## INSTRUCTIONS FOR THE TASK
Line by line, set down all the data below exactly, omitting any picture.

## DATASET EXCERPT
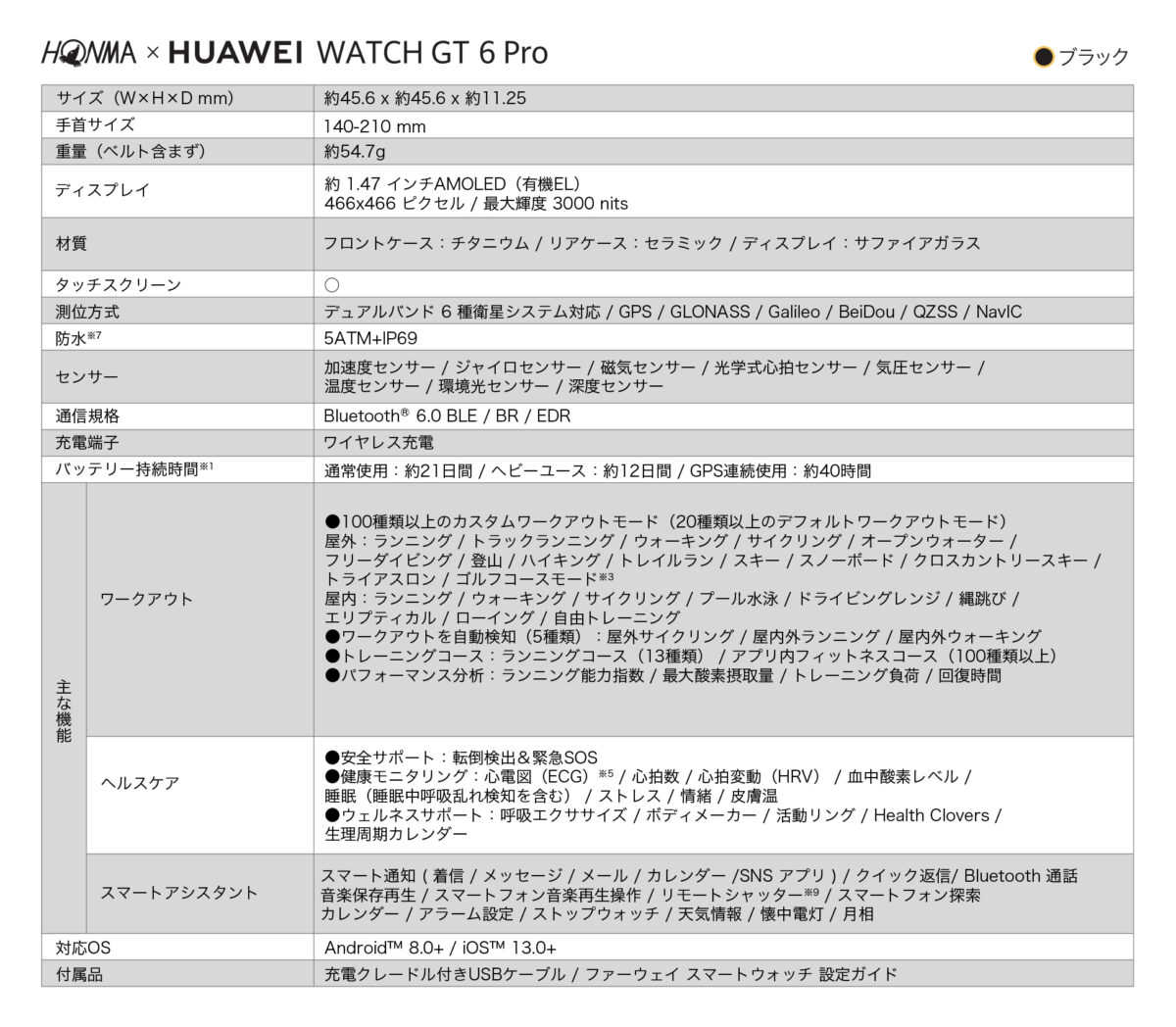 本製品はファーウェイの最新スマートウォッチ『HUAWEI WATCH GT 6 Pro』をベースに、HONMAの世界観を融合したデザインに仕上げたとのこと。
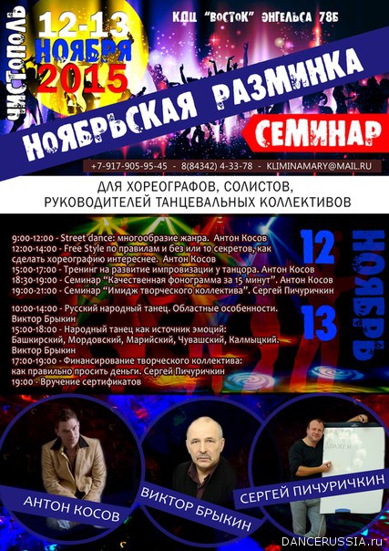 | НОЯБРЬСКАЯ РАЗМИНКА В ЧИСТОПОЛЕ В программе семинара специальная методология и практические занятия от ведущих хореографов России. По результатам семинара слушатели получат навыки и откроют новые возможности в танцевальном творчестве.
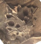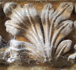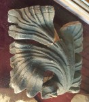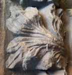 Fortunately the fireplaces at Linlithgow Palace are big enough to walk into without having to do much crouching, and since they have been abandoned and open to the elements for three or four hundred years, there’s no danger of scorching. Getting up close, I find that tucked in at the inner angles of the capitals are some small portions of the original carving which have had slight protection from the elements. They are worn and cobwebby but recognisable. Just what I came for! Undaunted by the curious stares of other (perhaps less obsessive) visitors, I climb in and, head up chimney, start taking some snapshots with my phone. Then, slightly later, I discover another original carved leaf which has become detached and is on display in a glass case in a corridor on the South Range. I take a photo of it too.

## RESPONSE FOR THIS EXERCISE
 本製品はファーウェイの最新スマートウォッチ『HUAWEI WATCH GT 6 Pro』をベースに、HONMAの世界観を融合したデザインに仕上げたとのこと。
 | НОЯБРЬСКАЯ РАЗМИНКА В ЧИСТОПОЛЕ В программе семинара специальная методология и практические занятия от ведущих хореографов России. По результатам семинара слушатели получат навыки и откроют новые возможности в танцевальном творчестве.
 Fortunately the fireplaces at Linlithgow Palace are big enough to walk into without having to do much crouching, and since they have been abandoned and open to the elements for three or four hundred years, there’s no danger of scorching. Getting up close, I find that tucked in at the inner angles of the capitals are some small portions of the original carving which have had slight protection from the elements. They are worn and cobwebby but recognisable. Just what I came for! Undaunted by the curious stares of other (perhaps less obsessive) visitors, I climb in and, head up chimney, start taking some snapshots with my phone. Then, slightly later, I discover another original carved leaf which has become detached and is on display in a glass case in a corridor on the South Range. I take a photo of it too.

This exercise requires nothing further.